Zwar wird in einigen Kommentaren daran erinnert, dass Jörg Haider 1991 als Landeshauptmann (Ministerpräsident) von Kärnten zurücktreten musste, weil er die "Sozialpolitik von Adolf Hitler" als "vorbildlich" bezeichnet hatte, doch die Schlussfolgerung daraus lautet dann nicht selten, man solle die FPÖ an der Bundesregierung beteiligen, um sie zu "entzaubern". Das nennt man den Teufel mit dem Beelzebub austreiben.

Ein genauer Blick auf die österreichischen Verhältnisse macht deutlich, dass der Hinweis auf neofaschistische Traditionen der FPÖ nicht ausreicht um sie zu charakterisieren. Ihre programmatischen Konzeptionen sind stark von den Interessen einflussreicher Wirtschaftsverbände und von der neoliberalen Gesellschaftstheorie geprägt; so konnten aus den "ewig Gestrigen" schnell die "Morgigen" werden. Sollten sich die sozialdemokratischen Regierungen Europas als unfähig erweisen, die Zerschlagung der Sozialsysteme gegen den Widerstand der Bevölkerung durchzusetzen, könnten auch anderswo sehr schnell vergleichbare Rechtsparteien entstehen beziehungsweise geschaffen werden.

Trotz aller österreichischen Besonderheiten muss man den Aufstieg der FPÖ als ein Phänomen betrachten, das mit dem Ende der Politik des sozialen Ausgleichs und dem damit verbundenen Umbruch des Parteiensystems in mehreren Ländern verbunden ist.

Der Wahlerfolg der FPÖ Anfang Oktober war keine Überraschung. Vielmehr bildete er den bisherige Höhepunkt einer Reihe von immer größeren Stimmengewinnen in den vergangenen 15 Jahren. Seit ihrer Gründung im Jahre 1956 bis in die 80er Jahre bewegte sich der Stimmenanteil der FPÖ zwischen 5,5 bis 7,5 Prozent. Bei den Nationalratswahlen im November 1986 erhöhte sie dann ihren Stimmenanteil auf nahezu 10 Prozent und leitete eine Entwicklung ein, die sie nun zur zweitstärksten Partei machte.

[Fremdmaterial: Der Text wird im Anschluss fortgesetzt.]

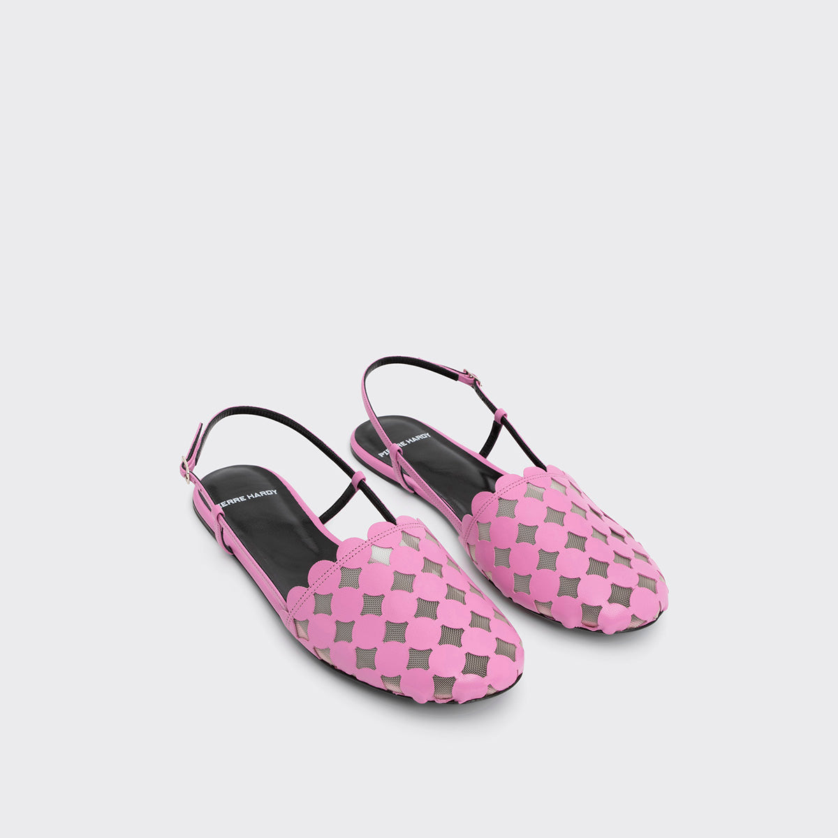 ミニビュルフラットにスリングバックサンダルが登場。チュールの透け感とグラフィックデザインが現代的かつクリーンな印象を演出します。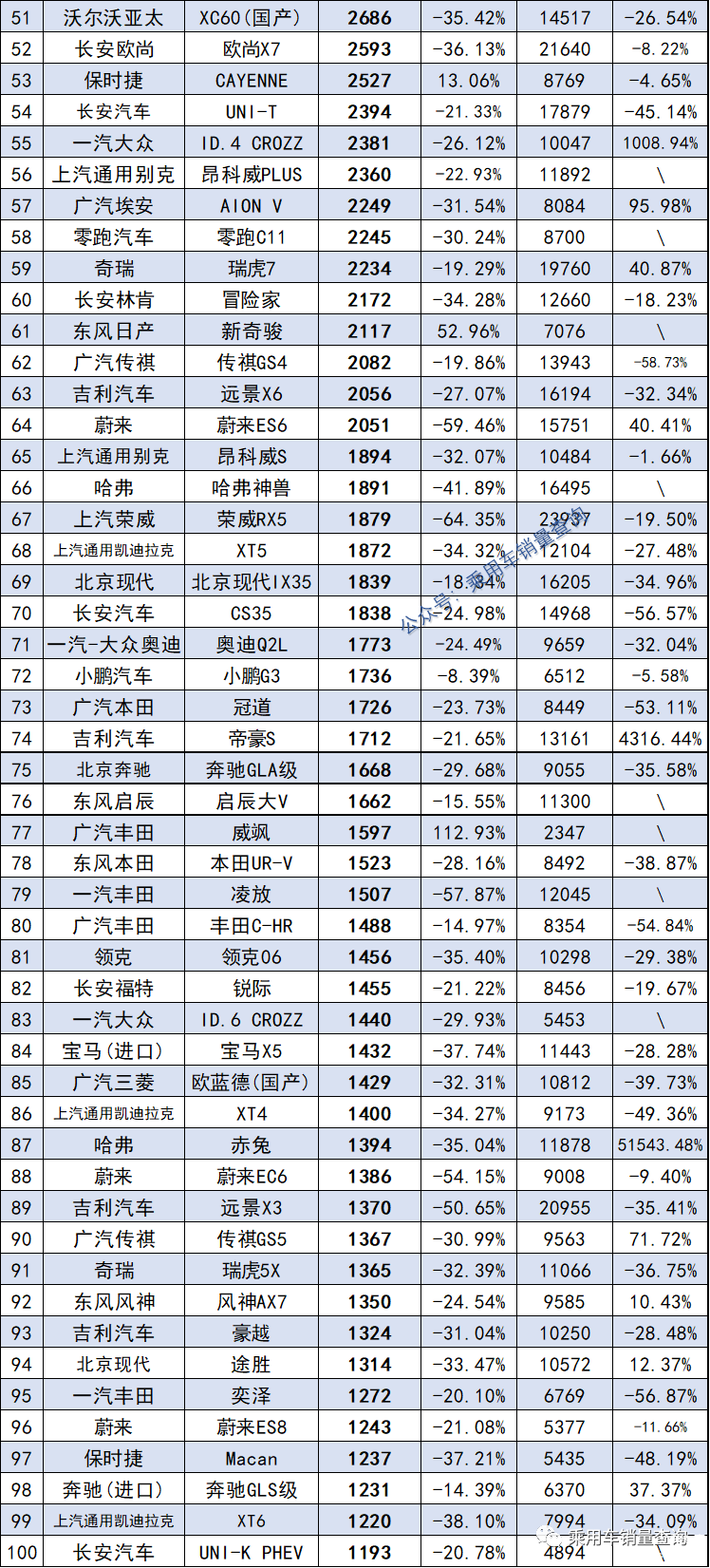 排行榜常见销量不错的车型,4月份销量下滑严重,比如自主品牌,红旗HS5销量为5751辆,星越L销量为5067辆,欧尚X5销量为4941辆,瑞虎8销量为4675辆,博越销量为3814辆,捷途X70销量为2898辆,传祺GS4销量为2082辆,荣威RX5销量为1879辆。以上车型以前都是万辆俱乐部会员,4月表现一般,跌出了万辆俱乐部。
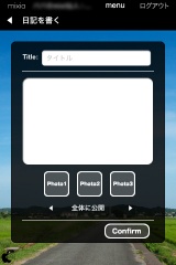 日記は、3枚の写真と公開レベル設定を行う事が出来るようになっています。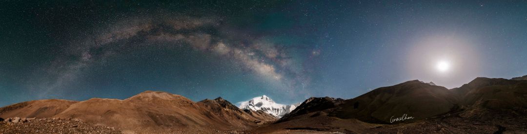 七月盛夏,璀璨银河横跨在珠穆朗玛峰之上,上弦月照亮了大地。在寒风烈烈的高原上与世界之巅凝望,星月同辉的浪漫和热烈给了我无限的力量。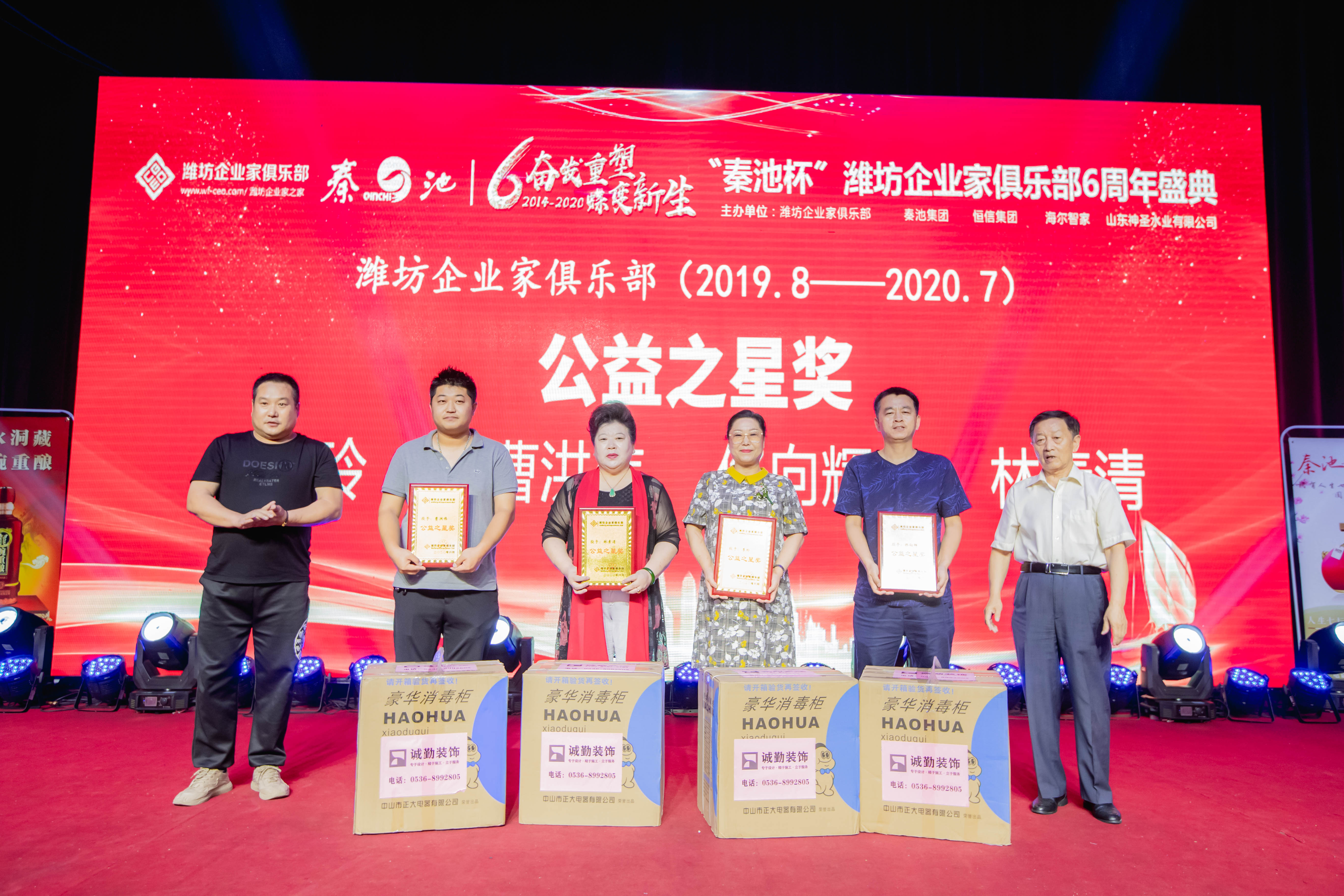 8月21日,由潍坊东方企业家俱乐部、秦池集团和恒信集团主办,山东艾琳智能科技有限公司承办,潍坊丰华(集团)公司、东方好莱坞国际娱乐连锁机构、邦泰地产、阳光融和医院、潍坊威龙电子商务科技有限公司、山东叁陆壹电子商务有限公司协办的奋发重塑·蝶变新生“秦池杯”潍坊东方企业家俱乐部六周年盛典晚会在新富佳悦大酒店成功举办。

Seit ihrem Wahlerfolg in Kärnten (29 Prozent), wo FPÖ-Chef Jörg Haider in diesem Frühjahr zum Landeshauptmann (Ministerpräsidenten) gewählt wurde, bezeichnet sich die FPÖ gern als erfolgreichste Rechtspartei in Westeuropa.

Geschichte der FPÖ

Dass die Wurzeln der FPÖ im faschistischen Milieu der unmittelbaren Nachkriegsjahre liegen ist unstrittig. In der österreichischen Gesellschaft existierte ein organisiertes und verankertes deutschnationales Lager, dessen Traditionen in das 19. Jahrhundert zurück reichen. Seine Mitglieder waren in der Zeit des Nationalsozialismus großenteils Mitglieder der NSDAP.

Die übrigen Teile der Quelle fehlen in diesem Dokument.